Quantifying the results of PCR is very difficult at the moment. Although the final product of a PCR amplification can be assessed quantitatively, relating this to the absolute number of microorganisms present in a given sample can be difficult. Quantitative PCR tests have been developed and rely on either internal or external controls for standardization. It is difficult to compare amplification between unknown concentrations of sample DNA and known concentrations of control DNA.82-84 An error can also be introduced in reading the results, since it is possible to get signals on the gel electrophoresis from segments of DNA that are of the same length as the target. This can be prevented by using specific radiolabeled DNA hybridization probes, a problem in the study of other mycobacteria. In reviewing the literature many studies using PCR do not use any methods of internal control, such as this use of specific probes.

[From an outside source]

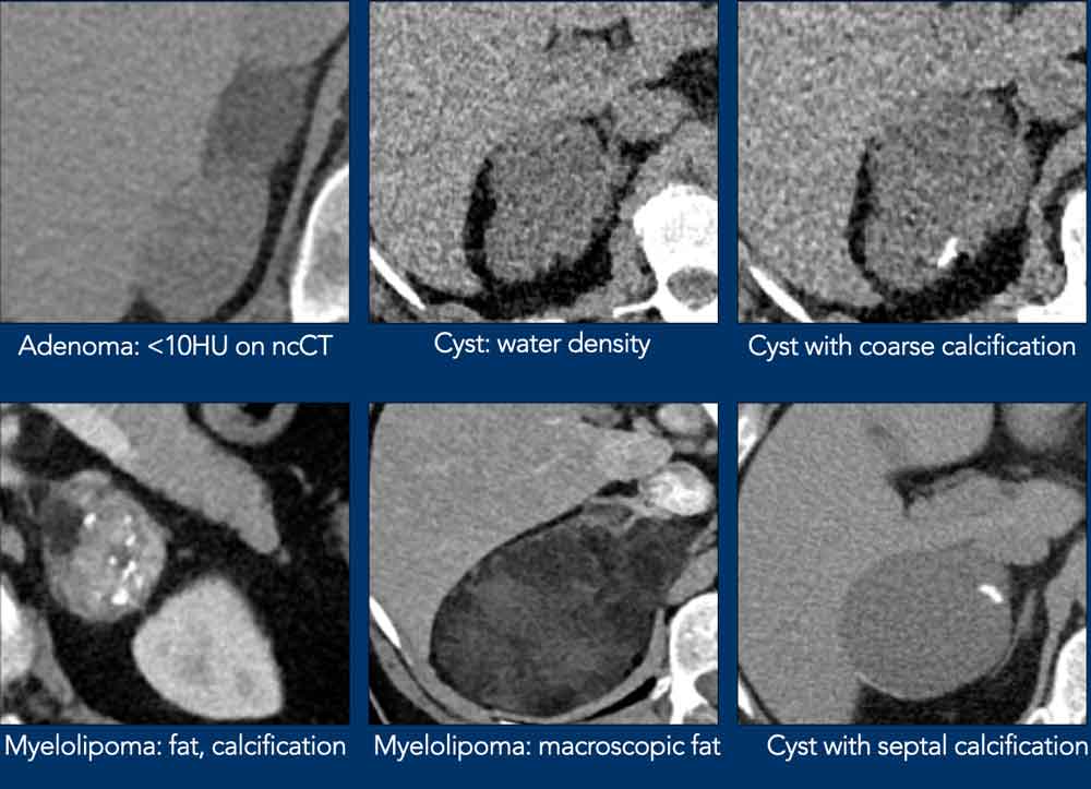 Many adrenal lesions can be categorized as typically benign and need no follow up:

It is likely that free DNA from M. leprae is present in infected tissues, and this is likely to confound standardization of PCR tests. Portions of DNA at varying degrees of disintegration will be capable of providing suitable template DNA for PCR. It has been shown84 that the removal of M. leprae from fresh, human biopsy homogenates by centrifugation can yield bacilli-free supernatants capable of generating strong PCR signals. This is further evidence that PCR may not be a useful test for assessing the viability of M. leprae, and the development of mRNA PCR is likely to be the solution to this problem.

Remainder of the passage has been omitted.